Leave No Trace

July 8th, 2022



AMovieGuy.com’s RATING: 3 ½ STARS (Out of 4)

I was never a Boy Scout myself. The thought of camping, starting fires, and competing in rugged activities with other boys never interested me. This might explain why I teach and write about film and television today: these were my real passions as a child. My parents allowed me to make my own decisions about hobbies and interests, sometimes to a fault. As a result, I never had the experiences associated with being a Boy Scout. Perhaps I made the right choice though given the many stories about sexual abuse by leaders within the Boys Scouts of America. The new documentary, Leave No Trace, pulls together the history of these accusations and how the organization did or did not address the unwanted behavior. It provides an eye-opening and very disturbing account of these tragic circumstances.

Director/Producer Irene Taylor does an admirable job providing a history of the scouts and the significance the organization has had in developing the minds and skills of young boys. Particularly effective here is the use of archival footage featuring almost every U.S. President from Roosevelt to Trump praising the scouts, their good will, and their value to society. Also included are training and promotional videos which emphasize the powerful messages the organization has communicated and some of its basic values such as trust, kindness, and obedience. This is where she begins to find cracks in the system as many leaders used these values as a way to justify their behavior with young boys leading to years of “hidden” sexual abuse.

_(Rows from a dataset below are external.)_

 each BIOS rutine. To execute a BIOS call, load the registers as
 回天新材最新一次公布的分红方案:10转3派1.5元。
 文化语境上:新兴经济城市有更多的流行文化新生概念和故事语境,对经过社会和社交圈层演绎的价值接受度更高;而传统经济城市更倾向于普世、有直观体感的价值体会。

Through interviews with survivors of various ages and regions of the country, we get a very strong picture of how this abusive behavior occurred and the emotional toll it has taken on each of the victims. Many express their anger, shame, and embarrassment at not coming forward sooner than they did. Taylor also illustrates why: many may have reported the illicit behavior but the Scouts did nothing more than file away those accusations for decades.

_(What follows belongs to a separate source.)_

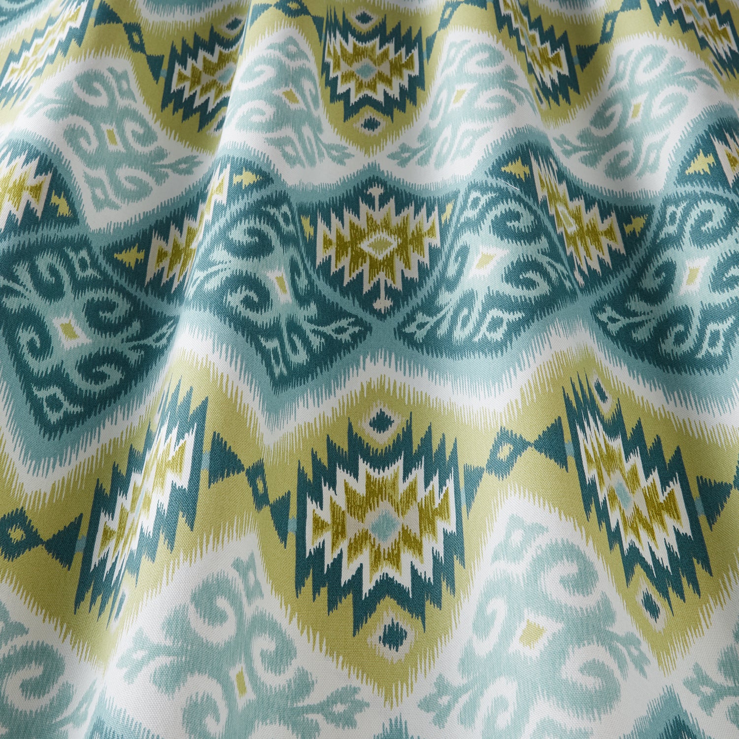 Iliv Interior Textiles Navajo, Navajo Fabric in Dusk Colourway. Navajo is a printed cotton fabric with an Aztec design. Navajo collection takes inspiration from Indigenous and tribal roots. Available in six colour themes which embrace and capture bright and bold colour which are associated with the native Americans, the collection brings character and personality to any interior.

It’s extremely disheartening to find from the film that these reports extend all the way back to the 1920s. The organization didn’t share this information and only recently acknowledged that some 82,000 cases have been reported. It’s shocking but also says so much about the value our society has traditionally placed in strong and silent masculinity. As a result, many young boys have been taken advantage of and the organization kept these facts from the public.

The film does a great job of covering the gamut of what the organization has represented from its Norman Rockwell’s connection to its ironic banning of out gay leaders and its filing for bankruptcy in 2020. It isn’t a film about the positive side of being a scout and all of the skills and values it can provide but it exposes the darker side, the cover-ups, and the long-lasting effects the sexual abuse has had on its members.

I have no doubt that there are people who might view this film and see it as much too one-sided. Yet, that is the point of it. We’ve known that parents have enthusiastically sent their boys to scout camps for over a century. The film suggests though that not exposing what has been happening under the surface does a disservice to these families and their children. For people to not be aware of this side is to be blinded from reality. Sure, not ALL scout masters are sexual abusers but with 82,000 reported cases of abuse in the last century, it is definitely something a parent must take seriously. In this sense, Irene Taylor does magnificent work providing the footage, interviews, and reports that make these issues public and allow people to make their own decisions about getting their children involved with the organization.

Leave No Trace does end with a report of the current status of settlements to the victims. Whether this is enough, is left for viewers to contemplate. Taylor isn’t simply expressing what one massive settlement does for victims but she gives us an opportunity to explore the fairness of such cases and to question if we can ever truly trust and obey such an organization again.